Изяслава больше всего разозлило то, что сказано это было при служанке и постельничем. Эльжбету князь ненавидел за ее скверный характер и за то, что благодаря Гертруде она стала любовницей Святополка; говорят, была уже на сносях от него. Эльжбета приходилась дальней родственницей княгине и та по-родственному опекала девушку, позволяя ей иной раз такое, чего другим служанкам не разрешалось.
Вот и теперь, после откровенной колкости Гертруды, Эльжбета хихикнула, опустив свои очаровательные глазки. В этой белокурой статной польке было немало очаровательного и помимо глаз: алые губы, ослепительно белые зубы, красиво изогнутые брови, фигура без малейшего изъяна… Изяслав мог бы быть снисходительнее к Эльжбете, если бы она допустила к своему телу и его, но великому князю в этом было отказано, причем в самой резкой форме. Покровительство Гертруды сделало девушку самонадеянной и развязной. Она гордилась своей красотой и свысока взирала на всех мужчин, этому научившись у своди покровительницы.
– Убирайся!
– зарычал Изяслав на Гертруду и со звоном опустил опорожненную чашу на стол.
Княгиня смерила полулежащего в кресле мужа уничтожающим взглядом и вышла из светлицы.
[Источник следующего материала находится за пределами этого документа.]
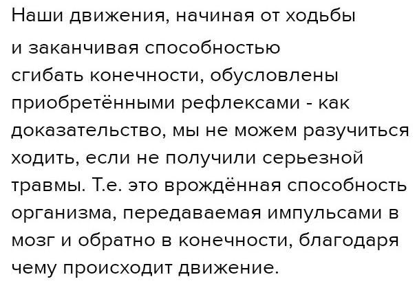 Наши движения, начиная от ходьбы и заканчивая способностью сгибать конечности, обусловлены приобретёнными рефлексами - как доказательство, мы не можем разучиться ходить, если не получили серьезной травмы. Т.е. это врождённая способность организма, передаваемая импульсами в мозг и обратно в конечности, благодаря чему происходит движение.
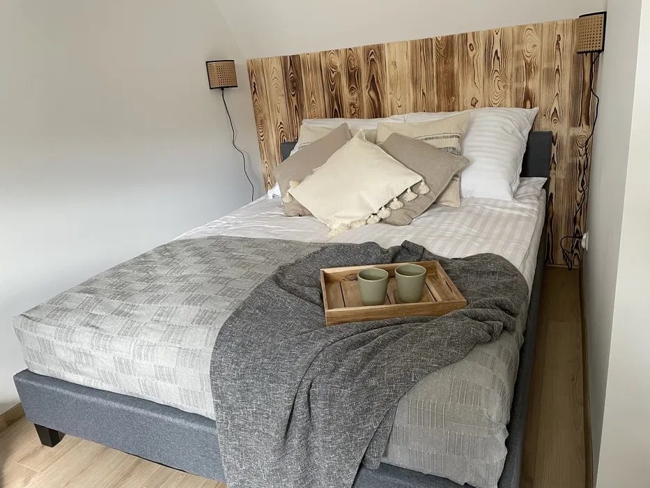 1. Pierwszy domek: W pełni wykończony i umeblowany, gotowy do zamieszkania lub wynajmu. Obecnie generuje dochód z wynajmu turystycznego.

Эльжбета последовала за ней с кривой улыбочкой на устах.
Людек остался.
– Сходи-ка за Коснячко, - приказал Изяслав.
– Да живее!
Людек удалился.
Покуда постельничий ходил за воеводой, Изяслав находился в обществе троих лекарей, которых он угостил вином в знак особой милости: боль в ноге почти не чувствовалась и Изяслав, порядком намучившийся в дороге, был рад этому как ребенок.
На робкие вопросы лекарей о величине опасности, нависшей над Киевом, Изяслав с пренебрежением ответил:
– Всыпал я поганым на Альту. Сюда не сунутся!
Изяславу вспомнилась сеча, истребленный в самом начале сражения половецкий отряд, степняки, павшие от его меча, что и говорить, рубились славно! Побольше удачи, и разбили бы Ярославичи ханов наголову!
Изяслав заговорил на эту тему.
– А все братья мои!
– возмущался он.
– Кабы слушались меня во всем, так без добычи назад бы не воротились! Горазды только языками трепать… Лей, чего смотришь!
– Изяслав протянул чашу виночерпию.
– За дружинников своих павших пью. За тех, кто без погребения в степи лежать остался, да упокоит Господь их души!